Nie odebrała telefonu. Rzuciłem z tej samej linii co ona i trafiłem. Amy
spudłowała i mieliśmy remis. Jej telefon znów zadzwonił. Kilkoro dzieciaków,
wałęsających się po drugiej stronie podwórka, odwróciło głowy. Graliśmy w szkole
podstawowej niedaleko mojego domu.
- Nie przegram z tobą Lincoln - powiedziała Amy, patrząc jak gram. Nadal nie
odbierała telefonu, który leżał na ziemi za koszem. W końcu komórka umilkła. Amy
koncentrowała się przez dłuższą chwilę, po czym rzuciła. Celnie, zmuszając mnie do
kolejnej próby.
Graliśmy na przemian przez kilka minut, aż Amy zdobyła przewagę. Oboje
zaczęliśmy się już pocić, biegając po boisku. Duchota sierpniowego dnia nie
ustępowała równie szybko jak zachodzące słońce. Amy, w szortach i T-shircie, z
kręconymi włosami zawiązanymi w kucyk, wyglądała jak nastolatka. Dwóch
chłopaków, pewnie szesnastoletnich, którzy przejeżdżali obok na deskorolkach,
rzuciło jej długie, aprobujące spojrzenia.

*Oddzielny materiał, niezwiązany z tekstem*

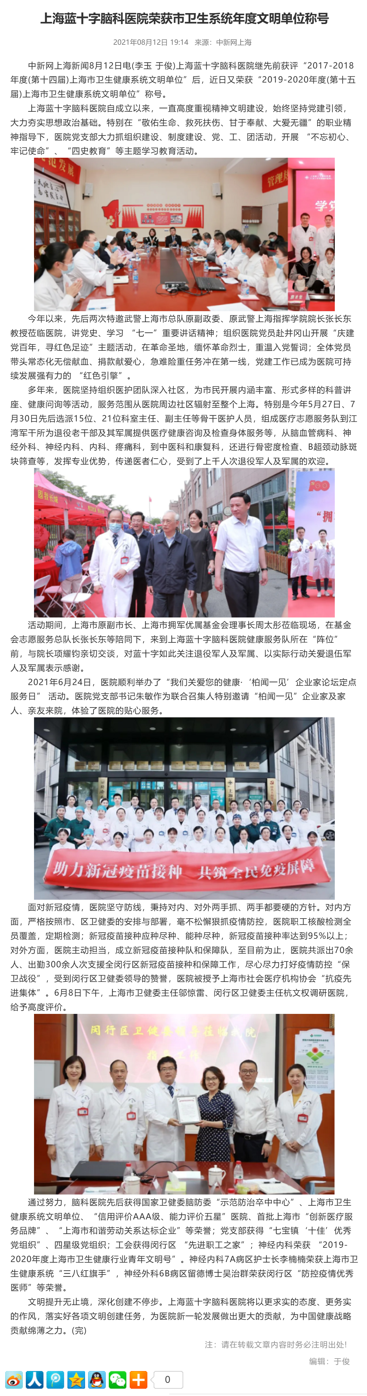 中新網(wǎng)上海新聞8月12日電(李玉 于俊)上海藍十字腦科醫(yī)院繼先前獲評“2017-2018年度(第十四屆)上海市衛(wèi)生健康系統(tǒng)文明單位”后,近日又榮獲“2019-2020年度(第十五屆)上海市衛(wèi)生健康系統(tǒng)文明單位”稱號。

- Twoja kolej. - Amy w końcu chybiła. - Postaraj się, dobrze?
Zrobiłem zwód w lewo, wróciłem na prawo, obróciłem się na pięcie i rzuciłem
z wyskoku. Piłka uderzyła w tablicę i poleciała w bok - zagranie Michaela Jordana,
wynik Lincolna Perry’ego.
- Przykro było na to patrzeć - zadrwiła Amy.
- Tym rzutem wygrałem w szkole siedem meczów, mądralo.
- Naprawdę?
- Nie.
Jej telefon znów zaczął dzwonić. Jęknąłem.
- Asie, odbierz albo wyłącz to cholerstwo.
- Okej. - Rzuciła do mnie piłkę i poszła, żeby podnieść komórkę. Kiedy
rozmawiała, wykonałem kilka długich rzutów zza linii. Częściej pudłowałem, niż
trafiałem.
Amy wyłączyła telefon i wróciła na boisko. Stanęła z rękami na biodrach,
 
patrząc niewidzącym wzrokiem.
- Co jest grane? - zapytałem, kozłując.
- Mój wydawca. Zaczyna się duża sprawa. Chciał wiedzieć, czy mam jakieś
dobre źródło w straży pożarnej.
- A konkretnie?
- Sprawa dotyczy twojej starej dzielnicy - powiedziała. - Może pojechałbyś
tam ze mną i zebrał trochę materiału? Nie skontaktowałbyś mnie z jakimiś ludźmi, z
którymi można by pogadać?
Uśmiechnąłem się.
- Asie, jesteś zbyt drobnomieszczańska, żeby się włóczyć po tamtych
okolicach.
- Zamknij się. - Amy lubiła myśleć o sobie jako o twardzielu, który zna życie
ulicy, i nie znosiła, kiedy napomknąłem o jej dzieciństwie spędzonym w Parmie,
przedmieściu klasy średniej. Ja byłem pełną gębą mieszkańcem zachodniej dzielnicy.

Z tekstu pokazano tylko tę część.